Absolute performance of key indices is most apparent when ranked relative to zero, or relative to inflation, 2009 to 2018.
Summary of video: Best Mutual Funds by Asset Classes (video)
Key points about best asset classes from this video:
- past performance does not predict future performance.
- asset class performance tends to revert to the mean
- it pays to diversify
This video was released in 2015 but the data in the video is actually through 2013. Fear not, I’ve given you a link, both above and below, so that you can download and print a pdf of the table through 2019. However watch the video. It’s really excellent and the central point is that speculating by asset classes is rather pointless.
Transcript of Best Mutual Funds by Asset Classes
Cast your mind back to chemistry lessons in high school and you’ll probably recall this: the Periodic Table. It contains all the chemical elements—the substances that make up everything in the world around us. Now, think the constituent parts of an investment portfolio—for example: growth stocks, small-cap stocks, emerging-market stocks, or government bonds. These too can be put into a table. In fact they already have been.
The Periodic Table Of Investment Returns was devised in 1999 by Jay Kloepfer, Director of Capital Markets and Alternatives Research at Callan Associates in San Francisco, California. The table illustrates annual returns for ten asset classes from 1994 to 2013. The asset classes are color coded to enable easy tracking over time.
[Get the Periodic Table of Investment Returns through the most recent year here: https://www.callan.com/wp-content/uploads/2019/01/Classic-Periodic-Table-2019.pdf ]
For each one, Callan uses a well-known industry standard market index. So, for example, it uses the S&P 500 for large-cap stocks and the Barclays Corporate High-yield Bond Index for corporate bonds. Each column illustrates the returns for a particular year and the assets are ranked according to the size of those returns. The asset that performed best in each year is placed at the top, and the one that performed worst at the bottom.
So, what can we learn from this seemingly random array of colors? Well there are three key takeaways.

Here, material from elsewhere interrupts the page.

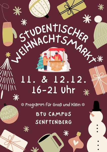 - Weihnachtsmarkt auf dem Campus Senftenberg (13.12 und 14.12, jeweils von 16:00 bis 20:00 Uhr)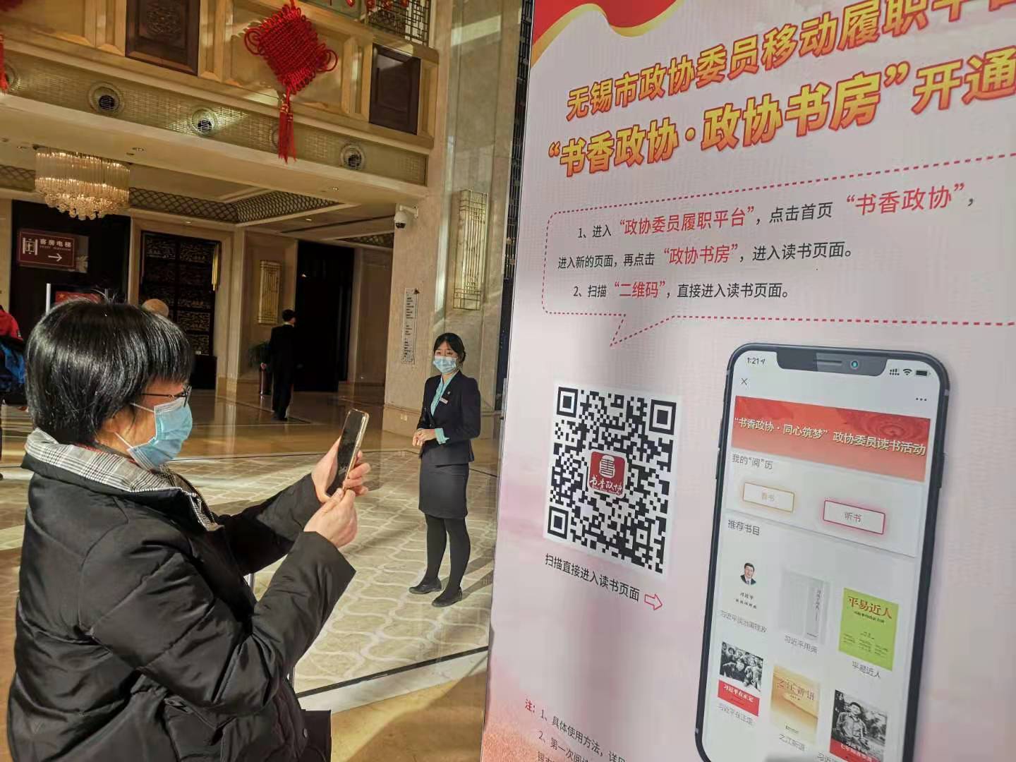 完成報到手續(xù)后,市政協(xié)委員薛鷗轉(zhuǎn)身用手機(jī)掃了掃會場海報上的二維碼,即刻進(jìn)入“政協(xié)書房”。今年,市政協(xié)與市圖書館合作,在委員移動履職平臺開設(shè)“書香政協(xié)”板塊,下設(shè)“政協(xié)書房”已建成開通。全封閉管理會議期間,委員履職之余可在“政協(xié)書房”隨時隨地免費(fèi)看書、聽書,讀書履職相促進(jìn)。

First: past performance does not predict future performance. There are no reliable patterns or trends you can take advantage of. Asset classes fall in and out of favor very suddenly, and completely out of the blue. Take emerging markets for example. They fared very well between 2003 and 2007. But in 2008 they fell from top spot to the very bottom. The very next year, 2009, they were back at the top. In 2011, they were once again the worst performer. Then in 2012, the best. In 2013—you’ve guessed it—emerging markets were the worst performing asset class.
Secondly, over the long term, asset class performance tends to revert to the mean. Every asset class has a strong run every now and again, and inevitably they all hit a bad spell sooner or later. But over long periods, the average return for each asset class is more or less what you’d expect it to be.
Thirdly, and this is the most important lesson of all, it pays to diversify. If you own the whole market, ideally every asset class, you minimize your susceptibility to sharp swings in market sentiment.
In any one year the difference in returns can be huge. In 2013, for instance, growth stocks yielded a total return of more than 43 percent, while emerging markets lost more than 2 percent. But that’s all part of the ebb and flow of asset class investing.
Encouragingly, in 8 out of twenty years—in other words, forty percent of the time—every asset class has produced a positive return. But in no year has every asset class produced a negative return.
So to summarize, don’t look for trends. Don’t get carried away if a particular asset class has been on a long run of success. And similarly, don’t discard a particular asset class because everyone else is giving up on it—that’s usually just when performance starts to improve. Most of all, do diversify. And do rebalance your portfolio when appropriate.
Yes, the rules to successful investing really are that elementary.
Footnotes and Credits:
This video was produced by the wealth management company Independence Advisors, LLC and they own the copyright. I’m so happy that they made this high quality explanation and made it available for me to include via YouTube on this educational website.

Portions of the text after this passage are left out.